Here is a study presentation (video will be available later):

About Cisco device infection

We did not raise this topic at all in our study - this is a separate topic. The only thing I would like to note: when talking about vulnerabilities, the manufacturer concentrates on a huge amount of equipment, OS and architectures, but when it comes to protecting against modifying the firmware image, it instantly forgets about it, mentioning Trust Anchor technology, Secure Boot, which is far from everywhere.

How to determine if you have a Trust Anchor, Secure Boot is a separate quest. Some official documents from Cisco say one thing, and other sources ( Cisco Feature Navigator service ) declare another. Who to believe?

Our experience with Cisco equipment, which is now used in companies (and not on shelves in stores), over the past few years shows that in most cases a checksum is used to verify the legitimacy of the image. Naturally, it is very easy to fake (recalculate) the checksum of the modified image. On a number of devices where the image has a digital signature, digital certificates are in the same place, and it is easy for an attacker to add his certificate there.

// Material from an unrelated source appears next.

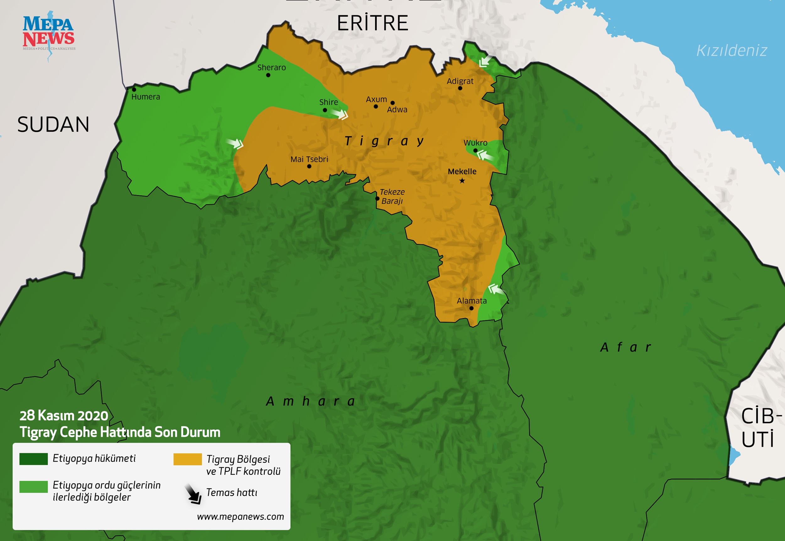 Etiyopya ordu güçleri, Tigray başkenti Mekelle'ye kuzey ekseninden ilerleyerek, Mekelle kuzeyindeki Necaş ce Wukro yerleşimlerini kontrol altına aldı.

Also attentive / sophisticated reader may think about TPM (Trusted Platform Module). But Cisco does not transport it to a number of countries because of cryptography, including Russia. And we honestly tried to find out what kind of equipment supports TPM. It turned out that his number is negligible.

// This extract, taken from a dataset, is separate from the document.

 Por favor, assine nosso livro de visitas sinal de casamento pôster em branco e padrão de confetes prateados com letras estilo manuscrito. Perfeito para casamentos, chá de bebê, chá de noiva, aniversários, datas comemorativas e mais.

Of course, Cisco equipment is evolving, new security mechanisms are being introduced. But the updates concern only the latest models, and the situation with the bulk of "iron", which is actively used in companies, remains the same. It turns out, as with the Android OS: in the latest version, everything is fine, well, let the rest be updated. The problem is that updating the entire fleet of network equipment is not so easy (and not cheap). This is not an OS on the phone. And we clearly see such a problem with our customers.

Conclusion

Of course, we, as researchers, can only be pleased by the fact that our work provokes an active response from Cisco and the publication of security articles. However, I would like to hope that the vendor’s experts will not limit themselves to emotional feedback, but will direct their energy towards improving the safety of their own products.